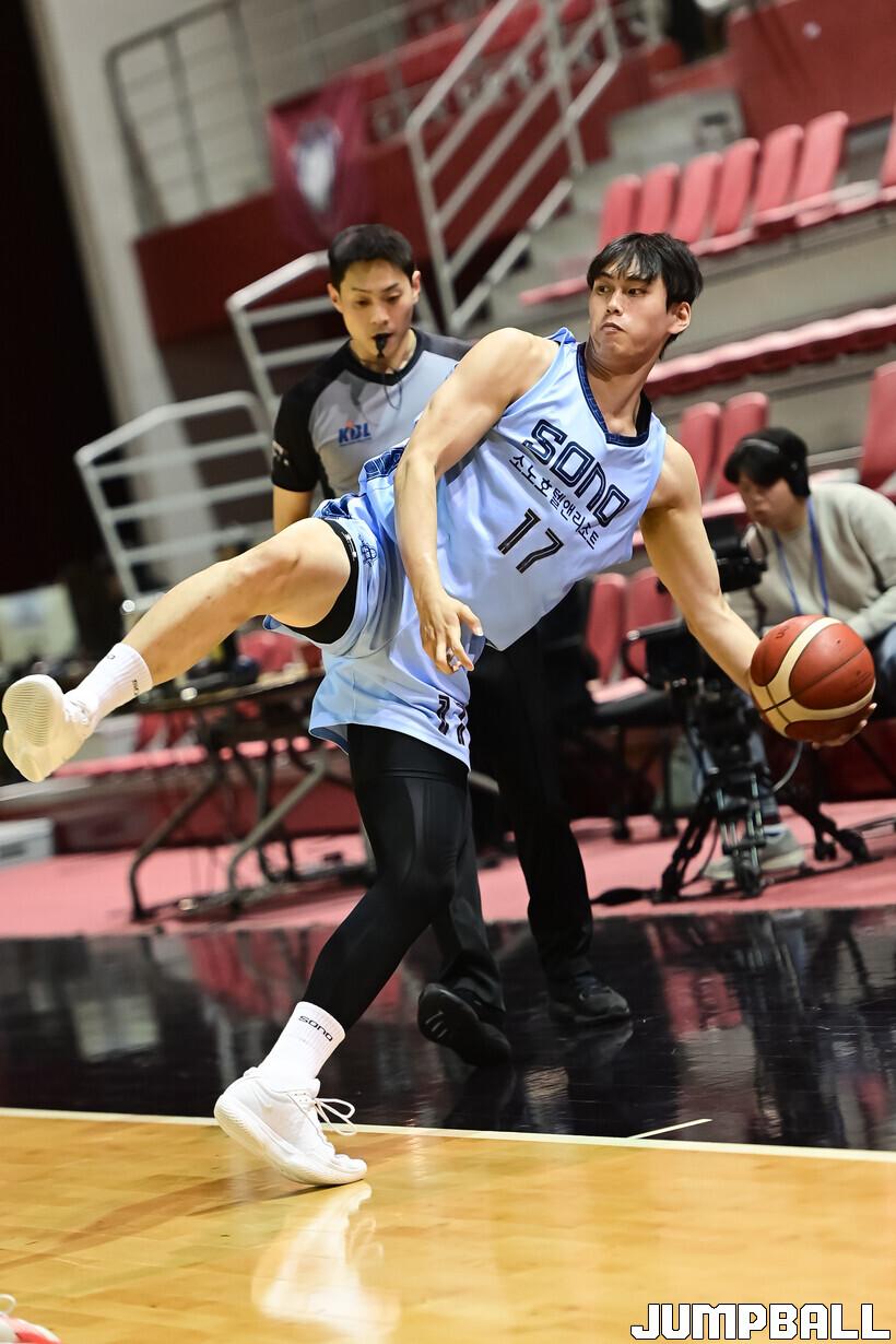 [점프볼=용인/박상혁 기자] 25일 경희대 국제캠퍼스 선승관에서 열린 2025-2026 KBL D리그 고양 소노와 원주 DB의 경기, 소노 신지원이 사이드 라인 밖으로 나가는 볼을 살려내고 있다.
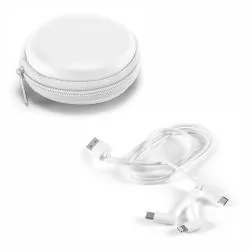 Cabo USB retrátil com suporte para celular. Contém entradas Lightning/iPhone, V8/Android, Tipo-C/Android e 4 diferentes ajustes do comprimento dos cabos. Suporte de frente lisa e com alça para transporte em couro sintético. - - ALLPETEC509
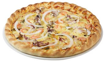 Tomatensauce, Meeresfrüchte, Zwiebeln und Käse
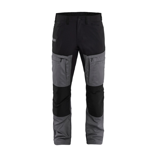 Pantalone flessibile e resistente con elastico in vita e inserti elasticizzati per massima libertà di movimento. Ginocchia rinforzate in CORDURA stretch per maggiore resistenza, dotato di tasche multiple (posteriori, anteriori e laterali) e dettagli riflettenti per sicurezza in condizioni di scarsa illuminazione. Ideale per lavori di service, logistica, manutenzione ed edilizia, unendo comfort, durabilità e praticità.
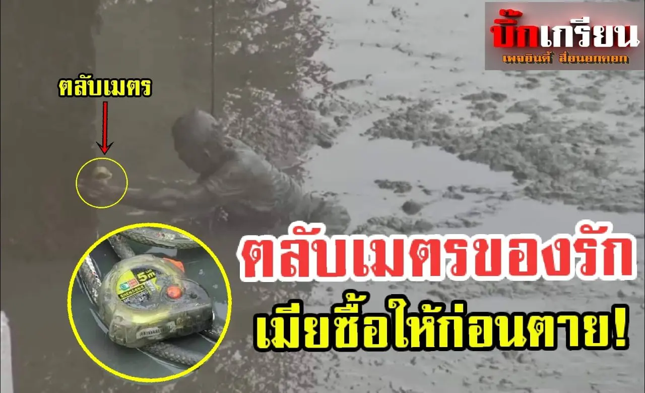 สาเหตุ ที่ต้องกระโดดลงไปแบบไม่คิดชีวิตเพื่องมหาตลับเมตร เพราะภรรยา เสียชีวิตไปแล้วเป็นคนซื้อให้ ก่อนตายเมีย ยังกำชับเก็บรักษาให้ดีๆ ถึงราคาจะแค่น้อยนิด แต่มีคุณค่าต่อจิตใจตนมาก โชคดีเป็นช่วงเวลาน้ำลง หากเป็นช่วงน้ำขึ้น คงจมน้ำตายไปแล้ว

============

What you have to do:
From the line that includes "Pantalone flessibile e" on down to the last line of the entries above, set down each line exactly, leaving out the pictures.

Written response:
 Pantalone flessibile e resistente con elastico in vita e inserti elasticizzati per massima libertà di movimento. Ginocchia rinforzate in CORDURA stretch per maggiore resistenza, dotato di tasche multiple (posteriori, anteriori e laterali) e dettagli riflettenti per sicurezza in condizioni di scarsa illuminazione. Ideale per lavori di service, logistica, manutenzione ed edilizia, unendo comfort, durabilità e praticità.
 สาเหตุ ที่ต้องกระโดดลงไปแบบไม่คิดชีวิตเพื่องมหาตลับเมตร เพราะภรรยา เสียชีวิตไปแล้วเป็นคนซื้อให้ ก่อนตายเมีย ยังกำชับเก็บรักษาให้ดีๆ ถึงราคาจะแค่น้อยนิด แต่มีคุณค่าต่อจิตใจตนมาก โชคดีเป็นช่วงเวลาน้ำลง หากเป็นช่วงน้ำขึ้น คงจมน้ำตายไปแล้ว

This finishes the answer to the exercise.